Wilhelm Roser (26 March 1817 – 16 December 1888) was a German surgeon and ophthalmologist. He was born in Stuttgart and died in Marburg.

In 1839 he received his medical doctorate from the University of Tübingen, and afterwards continued his education in Würzburg, Halle, Vienna and Paris. In 1841 he returned to Tübingen, where he was habilitated for surgery. In 1846 he practiced medicine in Reutlingen, and later succeeded Eduard Zeis (1807–1868) as professor of surgery at the University of Marburg. Roser would remain at Marburg for the remainder of his career.
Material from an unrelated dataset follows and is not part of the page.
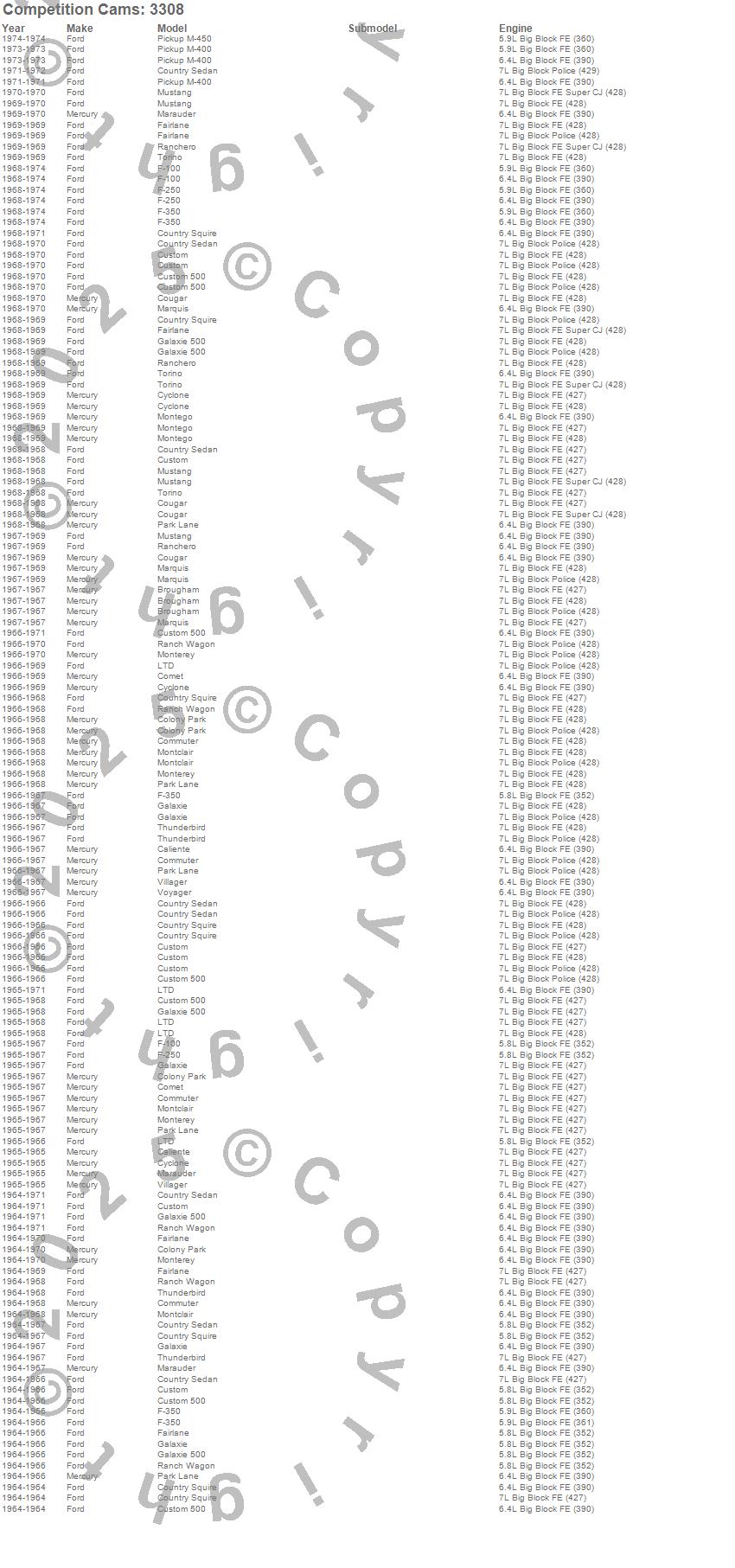 Breezeway, Brougham, Caliente, Colony Park, Comet, Commuter, Cougar, Country Sedan, Country Squire, Custom, Custom 500, Cyclone, F-100, F-250, F-350, Fairlane, Galaxie, Galaxie 500, LTD, M-400 (Pickup) more…

With his lifelong friends, clinician Carl Wunderlich (1815–1877) and neurologist Wilhelm Griesinger (1817–1868), he founded a journal of physiological medicine titled Archiv für physiologische Heilkunde. He published over 150 medical papers, and was the author of Handbuch der anatomischen Chirurgie, a textbook on anatomical surgery that ran through eight editions, and was translated into French and English.

== Associated eponyms ==
- "Roser-König mouth gag": An oral implement used in medicine; named with German surgeon Franz König (1832–1910).
- "Roser-Nélaton line": A theoretical line drawn from the anterior superior iliac spine to the tuberosity of the ischium. Named with French surgeon Auguste Nélaton (1807–1873).